FIG. 1 shows the results. These lymphocytes effectively impaired the established tumor cells as shown in FIG. 1, indicating that they were an effective cell group for use in adoptive immunotherapy.

(6) Preparation of immunotherapeutic agent and method of using the same Immunotherapeutic agent Lymphocyte cells derived from a cancer patient were produced by the above-described method, and a commercially available separating agent (Lymphoprep, Nycomed) was used. And purify it according to the protocol. The obtained 2 × 10 ⁹ cells are suspended in 200 ml of a physiological saline solution containing 0.1% of human serum albumin to prepare an immunotherapeutic agent in the form of drops. How to use the immunotherapeutic agent The whole amount of the above injection is intravenously infused into a cancer patient. By repeating this operation once a month, it is possible to cure the cancer of the cancer patient or to stop or slow down the progress of the symptoms.

[0031]

According to the method for producing lymphocytes according to claims 1 and 2, a sufficient number of activated lymphocytes having an activity of damaging tumor cells and a small number of activated lymphocytes for use in adoptive immunotherapy are used. It is obtained efficiently starting from blood. The immunotherapeutic agent according to claim 3 contains a large amount of activated lymphocytes having an activity of damaging tumor cells, and is useful for adoptive immunotherapy. Furthermore, it is suggested that the combination with other cytokines and other immunostimulants will provide more activated lymphocytes.

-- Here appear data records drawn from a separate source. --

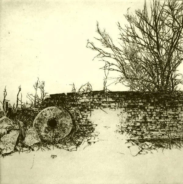 Walter Herzog, Radierung, Mühlstein, 2008, Bildformat 27,4 x 27,3 cm, Papierformat 43,0 x 39,0 cm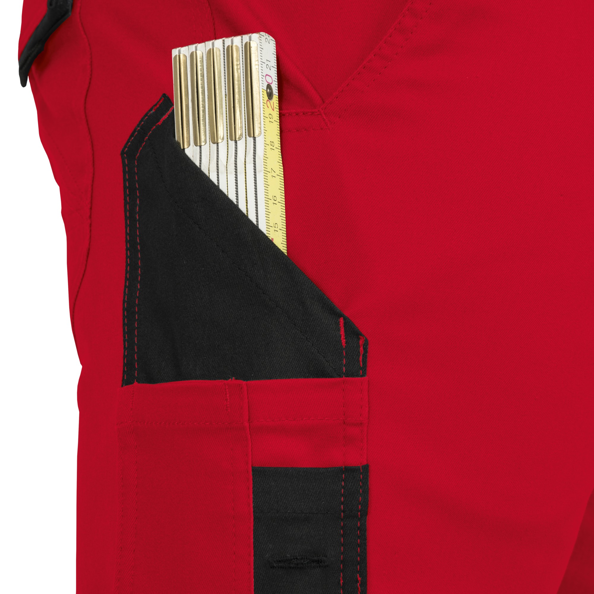 Double ruler pocket including 4 pen compartments on the right leg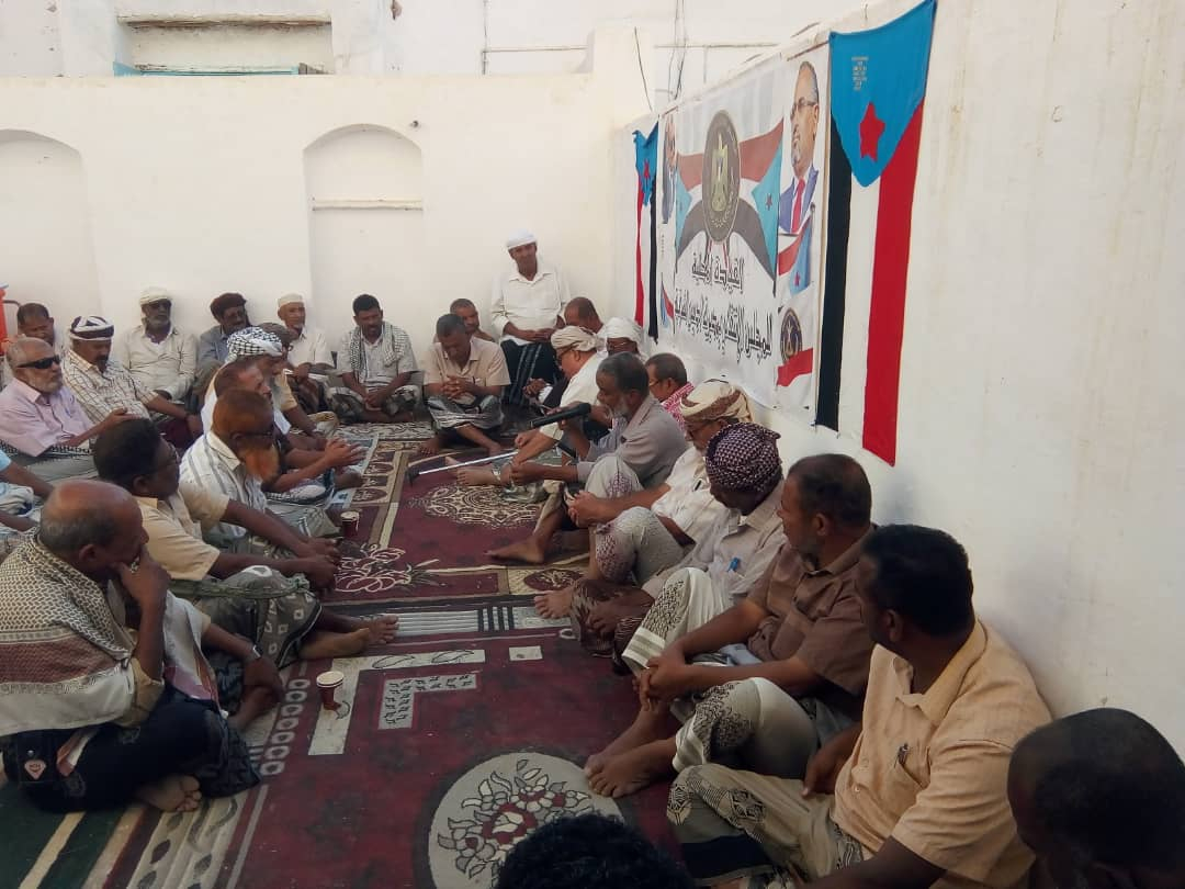 واستهل اللقاء بكلمة لرئيس الهيئة التنفيذية للقيادة المحلية للمجلس الانتقالي بالمديرية صلاح أحمد الكسادي، رحب فيها بالحاضرين.

[Brief description of the drawings]

FIG. 1 is a graph showing the cytotoxic activity (Cytotoxicity) of lymphocytes (effect cells) obtained by the production method of the present invention on cancer cell lines (target cells).

Claims (3)

[Claims] 1. A method for producing lymphocyte cells, comprising culturing lymphocyte cells in the presence of an anti-CD3 antibody and interleukin 15. 2. A first-stage culturing step of culturing lymphocyte cells in the presence of an immobilized anti-CD3 antibody and interleukin 15, wherein no immobilized anti-CD3 antibody is present and interleukin 15 is present. A method for producing lymphocyte cells, which comprises the steps of a second culture step of culturing below. 3. An immunotherapeutic comprising a lymphocyte cell obtained by the production method according to claim 1.